In 2022 and 2023, AgNext and Stackhouse-Lawson were featured in JBS-sponsored content (n.d., 2022a, 2023) in The Wall Street Journal and Politico, as well as a JBS-sponsored Reuters webinar (JBS sponsored content 2022b). These advertisements do not mention that Stackhouse-Lawson is a former JBS executive and refer to her only by her academic affiliation with CSU. AgNext included the JBS sponsored content in The Wall Street Journal and Politico under the “AgNext in the News” section of its newsletters (AgNext 2022, 2023f).

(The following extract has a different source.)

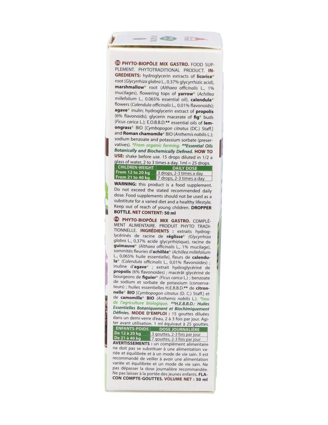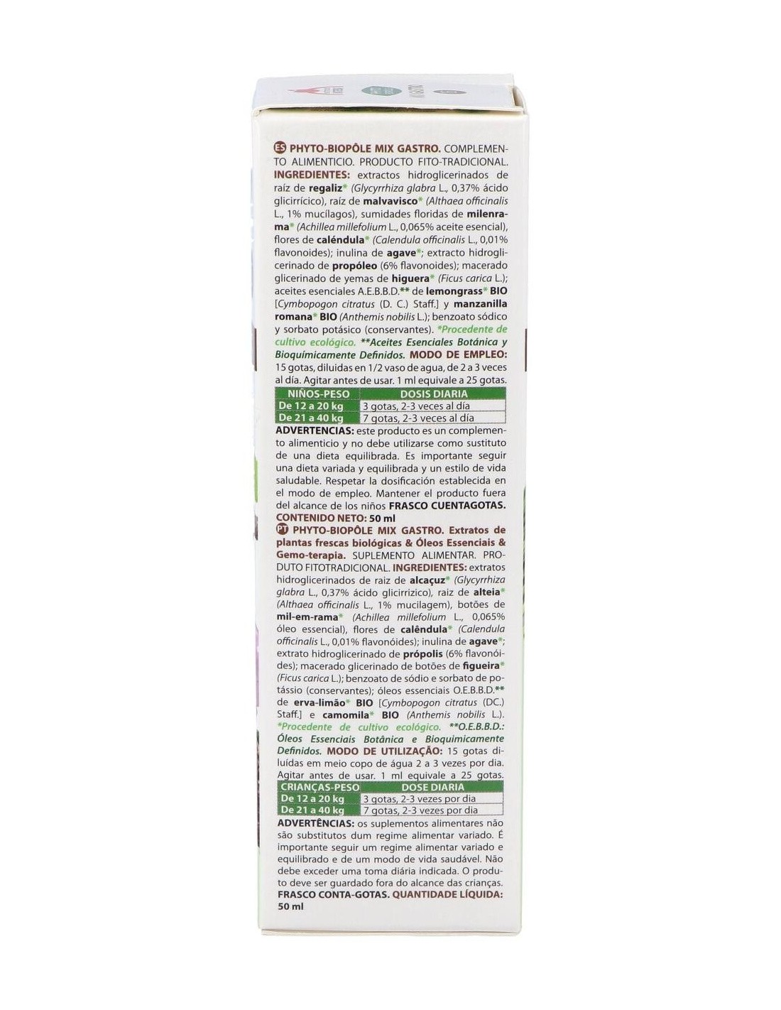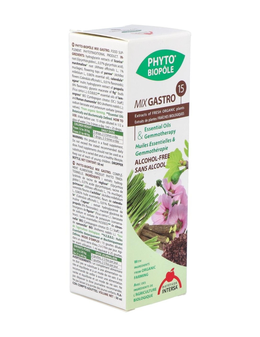 Mix Gastro es un producto natural perteneciente a la linea Phyto Biopole, que aporta una excelente combinación de extractos combinados de plantas, yemas y aceites esenciales útiles en los procesos digestivos, disgestiones lentas y pesadas. Ingredientes:Extractos hidroglicerolinados de: raíz de regaliz* (Glycyrrhiza glabra L., 0,37% ácido glicirrícico), raíz de malvavisco* (Althaea officinalis L., 1% mucílagos), sumidades floridas de milenrama* (Aquillea millefolium L., 0,065% aceite esencial) y flores de caléndula* (Calendula officinalis L., 0,01% flavonoides). Inulina de ágave*. Extracto hidroglicerolinado de propóleo (6% flavonoides). Macerado glicerinado de yemas de higuera* (Ficus carica L.). Aceites esenciales A.E.B.B.D.** de: lemongrass* BIO (Cymbopogon citratus DC Staff) y manzanilla romana* BIO (Anthemis nobilis L.). Benzoato sódico. Sorbato potásico (conservantes). (*) Procedente de cultivo ecológico. (**) Aceites esenciales botánica y bioquímicamente definidos. Modo de empleo:Tomar 15 gotas, diluidas en 1/2 vaso de agua, de 2 a 4 veces al día. Presentación:Frasco cuentagotas de 50 ml.Recomendaciones y advertencias:Apto para veganos. No contiene gluten, propilenglicol ni alcohol etílico.

3.7 A systematic evaluation of Mitloehner and Stackhouse-Lawson

In addition to the descriptive work above and in the tables, we evaluated Mitloehner and Stackhouse-Lawson according to a set of 20 questions that we developed aimed at better understanding the nature, extent, and impacts of individual researchers’ relationships with industry funders. Mitloehner received a score of 19 and Stackhouse-Lawson a score of 15, both of which indicate possible concerns about the independence of the researcher. (For answers and supporting evidence for all 20 questions, see ESM 1.)

Both researchers have received significant research funding from industry groups (Q1); both lead university centers that receive funding from industry groups (Q2); both have been employed by an industry group (though the extent of consultancies, if any, is opaque; even when it is clear a university researcher consults with industry, the nature of the work and the dollar amounts received are rarely available) (Q3); both have received awards or travel from industry groups (Q4); both have failed to disclose industry funding in instances where it is the norm to do so (Q5); both have testified before US Congress (Q7); both have presented to policymakers at an industry-sponsored event (Q8); both have work that was referenced in public comments submitted by industry groups to regulatory agencies (Q10); both have co-authored publications with industry employees (Q11); both have published repeatedly in industry-funded journals (Q12); both have been referenced by industry groups in industry advertisements (Q14); both have published traditional (Q15) and social media (Q16) in support of industry interests; both have minimized the industry’s role in climate change (Q18); and, finally, both have challenged the need for regulations or promoted policy changes in ways that are favorable to industry (Q20; Table 1; ESM 1).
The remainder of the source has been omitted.